2007_10_nakedjd.jpgThe 26-year-old Yale graduate who walked around Times Square naked on Thursday spoke to the NY Post, which made him its cover boy, about his experience. Josh Drimmer denied that it was a stunt and said - from his hospital bed at Bellevue - "It was an extreme panic attack brought on by days of not sleeping...I'm all right. Tell everyone I'm OK. I had a bad day."

Good to know that Drimmer is better, because he has his fans: One Times Square office worker told the Post, "I thought it was great. He's not hurting anyone." Drimmer works for the media company MediaVest, which is located at 1675 Broadway at West 52nd Street. A co-worker said that Drimmer seemed out of it (he was "talking crazy") recently while another said the Greenpoint resident once "had a meltdown over the coffee machine."

Public nudity is considered a public nuisance, and the police did stop Drimmer from continuing his nakedness - check out this Post photo gallery of Drimmer walking around and his meeting with the police.
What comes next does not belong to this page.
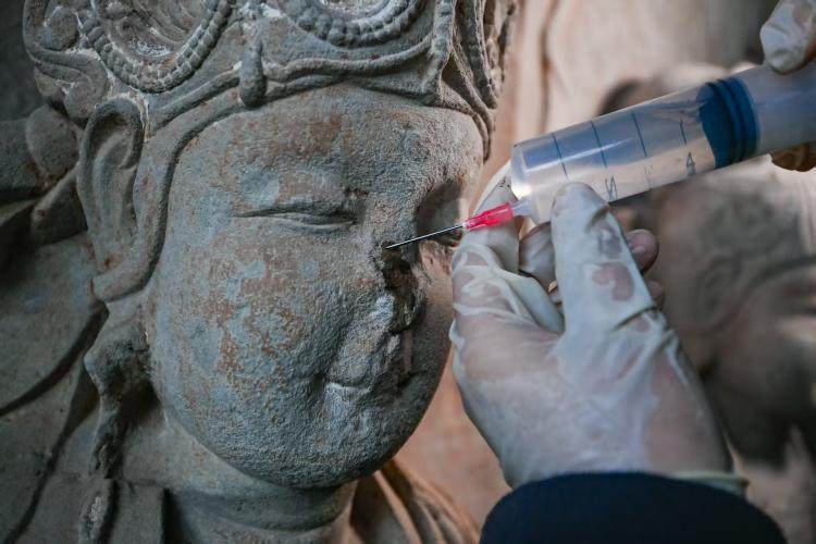 But the patient is neither human nor animal. It is a stone statue at the Dazu Rock Carvings, a UNESCO World Heritage Site in southwestern China. And the surgeons are members of the Conservation and Restoration Team at the Dazu Rock Carvings Research Institute - often called the “imperial physicians” of these ancient treasures.

In New York, it turns out that women can go topless, since men are allowed to. Jacob Riis Park's beach has a clothing optional area, and here's a funny Time article from 1974 noticing how more and more Americans were going naked at the beach.
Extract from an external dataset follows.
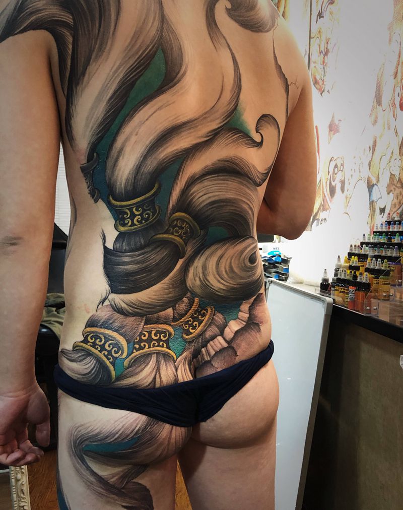 青丘帝君纹身图片_背部腿部纹身图案

And Drimmer wanted to clear something up: The Post called him a "curly-haired hipster" but he said, "I am not a hipster."

Update:
We found a brief 17-second video of a Times Square worker who filmed Drimmer (or at least we think it's him - the resolution isn't the best) running back and forth on the street and then is apparently stopped by the cops. The office was stunned and giggly!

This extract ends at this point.